**Work required**
What you output must be the exact lines from the first line of the data through the one holding "White paper circles", with no pictures.

**Supplied data**

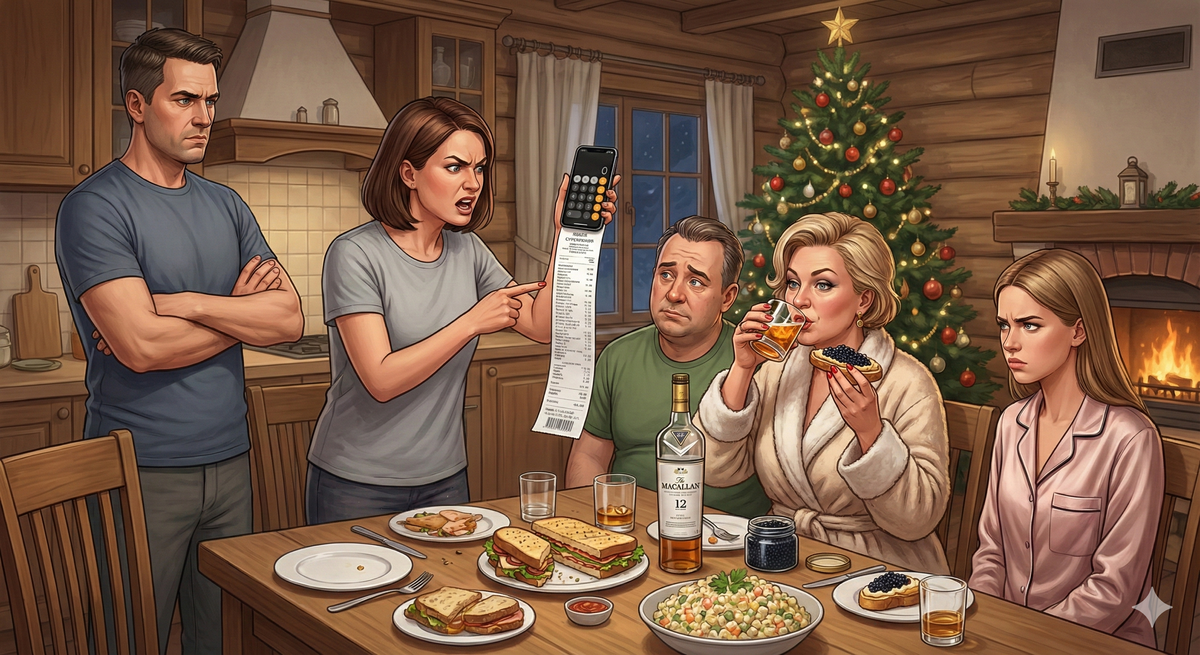 β ΠΡΠΎΠ³ΠΎ, β ΡΠ΅Π·ΡΠΌΠΈΡΠΎΠ²Π°Π»Π° Ρ, Π³Π»ΡΠ΄Ρ Π½Π° ΠΈΡΠΎΠ³ΠΎΠ²ΡΡ ΡΠΈΡΡΡ. β ΠΡΠΎΠ΄ΡΠΊΡΡ, ΠΊΠΎΡΠΎΡΡΠ΅ ΠΌΡ ΡΠ΅Π°Π»ΡΠ½ΠΎ Π΅Π»ΠΈ ΠΈ ΠΏΠΈΠ»ΠΈ, ΡΡΠΎΡΡ 5 400 ΡΡΠ±Π»Π΅ΠΉ. ΠΠ΅Π»ΠΈΠΌ Π½Π° ΡΠ΅ΡΡΠ΅ΡΡΡ , ΡΠ°ΠΊ ΠΊΠ°ΠΊ ΠΊΡΡΠΈΡΡ Π΅Π»ΠΈ Π²ΡΠ΅. ΠΠΎΠ»ΡΡΠ°Π΅ΡΡΡ ΠΏΠΎ 900 ΡΡΠ±Π»Π΅ΠΉ Ρ ΡΠ΅Π»ΠΎΠ²Π΅ΠΊΠ°. Π‘ Π½Π°Ρ Π΄Π²ΠΎΠΈΡ β 1 800 ΡΡΠ±Π»Π΅ΠΉ.
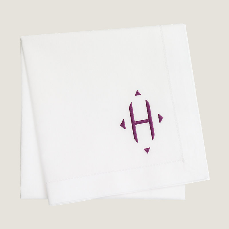 Mouchoir brodé et roulotté à la main, finitions « jour échelle » (100 % coton)
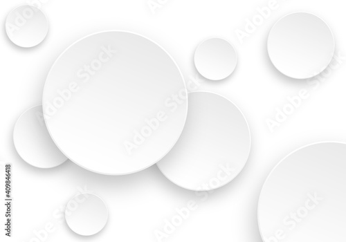 White paper circles with shadows on white background. Abstract template for business presentation with note spaces.
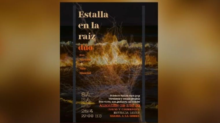 "Estalla en la raíz", obra compuesta por Eve Miranda y Mila Mancini nace del compartir musical en torno a la reflexión continua del rol de la música en la voz de la mujer. Folklore, fusión, rock-pop, composiciones propias se mezclan en esta propuesta en formato a dos voces, guitarra y bombo.

**Answer to this exercise**
 β ΠΡΠΎΠ³ΠΎ, β ΡΠ΅Π·ΡΠΌΠΈΡΠΎΠ²Π°Π»Π° Ρ, Π³Π»ΡΠ΄Ρ Π½Π° ΠΈΡΠΎΠ³ΠΎΠ²ΡΡ ΡΠΈΡΡΡ. β ΠΡΠΎΠ΄ΡΠΊΡΡ, ΠΊΠΎΡΠΎΡΡΠ΅ ΠΌΡ ΡΠ΅Π°Π»ΡΠ½ΠΎ Π΅Π»ΠΈ ΠΈ ΠΏΠΈΠ»ΠΈ, ΡΡΠΎΡΡ 5 400 ΡΡΠ±Π»Π΅ΠΉ. ΠΠ΅Π»ΠΈΠΌ Π½Π° ΡΠ΅ΡΡΠ΅ΡΡΡ , ΡΠ°ΠΊ ΠΊΠ°ΠΊ ΠΊΡΡΠΈΡΡ Π΅Π»ΠΈ Π²ΡΠ΅. ΠΠΎΠ»ΡΡΠ°Π΅ΡΡΡ ΠΏΠΎ 900 ΡΡΠ±Π»Π΅ΠΉ Ρ ΡΠ΅Π»ΠΎΠ²Π΅ΠΊΠ°. Π‘ Π½Π°Ρ Π΄Π²ΠΎΠΈΡ β 1 800 ΡΡΠ±Π»Π΅ΠΉ.
 Mouchoir brodé et roulotté à la main, finitions « jour échelle » (100 % coton)
 White paper circles with shadows on white background. Abstract template for business presentation with note spaces.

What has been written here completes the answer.